I asked that partly to avoid suggesting that people go out of their
way to find alternative interpretations. But reading the many
descriptions of methods was interesting, too. I have already gotten
more than 100 responses. I haven't actually tabulated them, but
summarize from general impressions.

There are at least two different interpretations of the problem, and
two ways to try to solve either interpretation, though there are a lot
of different ways to describe either approach.

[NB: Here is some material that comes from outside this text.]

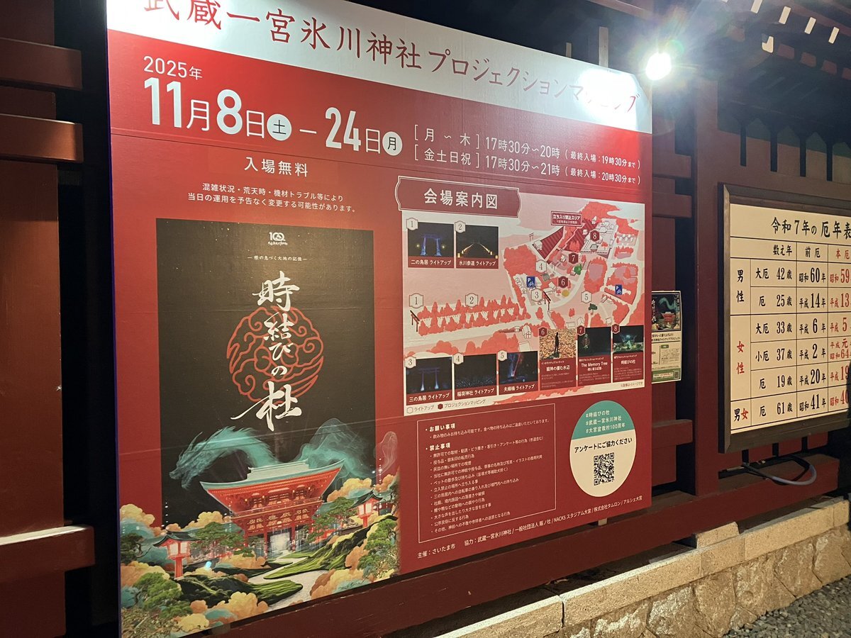 金土日は混むようなので、今日11/20(木)に早めに仕事切り上げて、19:20までに到着しようと思う次第✨⛩️ 同じ考えの人が多くて混む、ことも考えられるかな 19:30が最終入場で、上映約7分 #プロジェクションマッピング #武蔵一宮氷川神社 #氷川神社 x.com/SaitamaCityPR/…

Interpretation 1: Give John some more apples (or as a few said, have
him pick them, possibly taking some from those Mary threw away.) This
is the obvious interpretation. Only two people besides myself rejected
it or mentioned alternatives. Of those solving this interpretation
there were two approaches.

Approach 1: A large majority used some variation of the following
algebraic approach:

  M = number of apples Mary has
  J = number of apples John has

  2*M+J=C (initial condition)

  Mary throws half of hers away. To compute the number John must have
  after we do something (J'), solve 2*M+J=M+J' for J'=J+M. So give
  John as many apples as Mary had to begin with.

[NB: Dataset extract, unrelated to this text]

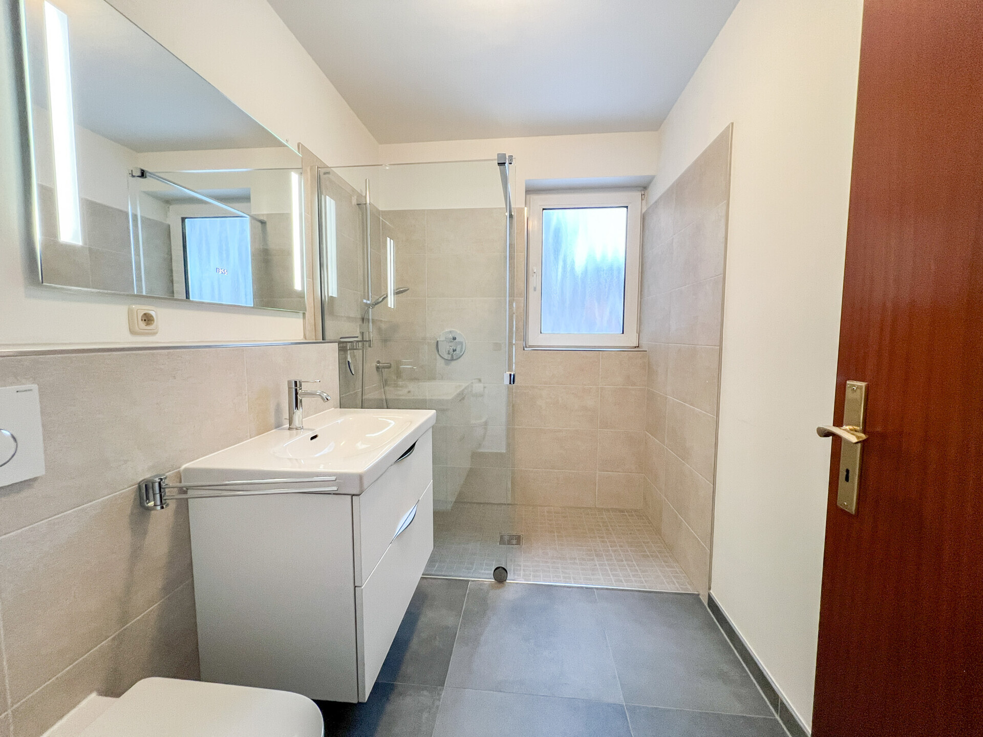 Waschtisch inkl. Unterschrank ausgestattet. Zusätzlich steht ein separates Gäste-WC zur Verfügung.

  A variation on this was to have the original count of Mary's apples
  be 2*M, a way of encoding the fact that she had an even number.
  Few used this. At least one commented that the fact that the number
  of apples Mary had being even was only to make the problem work
  without splitting apples.

  Another variation is to solve for the change in the number of John's
  apples directly, i.e. use J+X for the new number of John's apples and
  solve for X.

Approach 2: Think of the problem in terms of changes. (One person
  mentioned his engineering background and thought of it as a signal/gain
  problem.) When Mary throws away M/2 apples this decreases the 
  function of interest by M, so that is how many apples we must give
  John. Most of the 20% or so who thought of the problem in this way
  jumped directly to the solution without need of algebra.

  This approach has the advantage (IMO) that it generalizes well.
  Mary could throw away any number of apples, or any fraction of
  her apples, and the answer "twice as many as Mary threw away" will
  still be correct.

Either "as many as Mary had" or "twice as many as Mary threw away"
is right. The choice of which way to describe the answer correlated
to the approach used to find it.

A few mentioned both approaches, or started with (1) but then realized
the shortcut and jumped to (2). One detailed explanation got all the
way to the end using the first approach and then said "Aha!" and gave
the second approach.

About 4 or 5 got the problem wrong, giving John only as many apples as
Mary threw away. This was the only incorrect answer given.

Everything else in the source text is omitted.